Gospel muso Wenyasha Chingono has bounced back with yet another soulful single titled Ndodiwa naMwari.
On the single, which is already gaining traction on YouTube, Wenyasha superbly lays out his vocals, engaging the listener from start to finish.
He does not try too much to sound like any other artist but he makes it clear that he is comfortable with his own voice. And the vocal range is on key.
The piano and strings bring out his best in vocals and you cannot help but sing along to the music.
It is one of his best songs, considering that he changed the way he has performed some previous songs and that is a beauty.
A musician will often sound uniform in his or her repertoire, with successive songs beginning to sound a bit monotonous. Wenyasha creatively avoids this.
Of course, at times experiments are highly risky but on Ndodiwa naMwari, it is all the more interesting that the experiment was successful.
The orchestra vibe gives the song that timeless feel you get from great songs. At times a good song is not complicated; there us beauty in simplicity.
Produced by Nigel Nyangombe, who also produces for the famed Mahendere Brothers, the song is wholly gospel.
“I do have a studio at home where from time to time I go and play the music or just create music. So on this particular day I felt like creating a new song and after some hours I got the melody and composed the lyrics,” he said.
Ndinodiwa naMwari follows on the success of his previous hit single Ndinokudai Mweya featuring guitar virtuoso Trust Samende and his Houz of Gruv band.
The song has captured the imagination of gospel music fans with its Katekwe beat laced with Wenyasha’s natural and commanding voice.
While the video is a joy to watch, the impression one gets is that Wenyasha is aiming at the stars. This is a promising artiste. It is little wonder then that seasoned gospel artist Takesure Zamar has embraced Wenyasha’s sound and to a greater extent becoming his mentor.
And since the release of Ndinokudai Mweya, many fans have been following Wenyasha’s music with curiosity.
Interestingly, the 31-year-old Wenyasha is a journalist by profession and also a member of Harvest House Church.
“Ndinokudai Mweya speaks to you and me. It is a song that urges people to have time with God. A time with God is a time when you give thanks and glory to his name so as people we need to make time for God so he is part of our lives,” he explained.
Ndinokudai Mweya, which premiered last March, also features the talents of Canada-based bassist Enock Piroro, who once played for Oliver Mtukudzi’s Black Spirits band.
“The reason is I enjoy Katekwe and Afro-jazz music and I roped in people who I believed understood the sound better and I was happy with both Enock and Trust. My music is for the mature although I am young,” he said.
Wenyasha was raised in Rusape where he lived with grandmother Gogo Prisca Chingono.
As a young boy, he used to play drums at Anglican Church although his grandmother discouraged him from focusing on music.
Time and again, he would defy his grandmother’s calls and would sneak out to go and play music.
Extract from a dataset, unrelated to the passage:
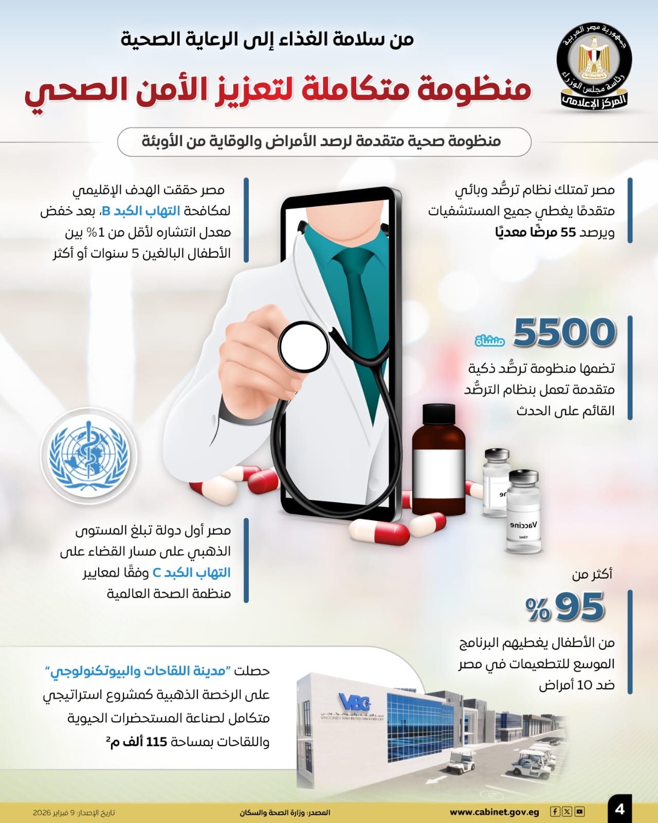 وتعكس هذه المنظومة توجه الدولة نحو تعزيز الأمن الصحي من منظور شامل، يقوم على الوقاية باعتبارها الأساس، من خلال ضمان سلامة الغذاء، إلى جانب تطوير منظومة الرعاية الصحية، بما يحقق حماية صحة المواطنين، ويدعم استدامة الخدمات الصحية، ويُسهم في تحسين جودة الحياة.
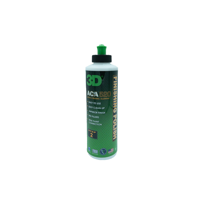 3D ACA 520 Finishing Polish 240 ml – мікробразивна полірувальна паста на водній основі для роторних та ексцентрикових полірувальних машин. У її формулі – субмікронні зерна оксиду алюмінію, створені за технологією ACA (Alpha Ceramic Alumina). Використовується для фінішного полірування та видалення дрібних дефектів лакофарбового покриття, таких як голограм, павутинки та неглибокі подряпини. Також надає оброблюваним поверхням глибокий глянцевий блиск.

While he was good in school, Wenyasha strongly believed in pursuing a career in music although that came with discouragement from those he sought advice.
In 2007, Wenyasha recorded his first single titled Raramo, which he took to Ngaavongwe Records, at the time one of the biggest recording companies.
Sadly, Wenyasha was turned down after he was told that his sound was not marketable.
“I was heartbroken and I almost quit music but something inside me told me to never stop. For me it was about God’s calling and that kept me going I knew God had a purpose for me,” he said.
Still in 2007, he joined the A Academy, a talent scouting and singing competition which was screened on ZBC TV and, again, he was turned down.
His big break came in 2015 when he featured South African-based star Takesure Zamar on a track called Musadzokere Shure. A follow up came in 2016 titled Mbiri Kuna Jesu and another single in 2017 titled Ziso Ramwari.
In 2018, he released a live DVD, Test Of Glory, which again featured a host of other popular musicians, including the likes of Janet Manyowa.
Wenyasha says his major goal now is to diversify his discography.
“I want to release music in other languages like isiNdebele, KiSwahili, Lingala and others. This is because music should speak to a wider audience,” he said in an interview.
In the not so distant future, he wants to continue releasing singles and videos since visuals are more appealing on digital platforms.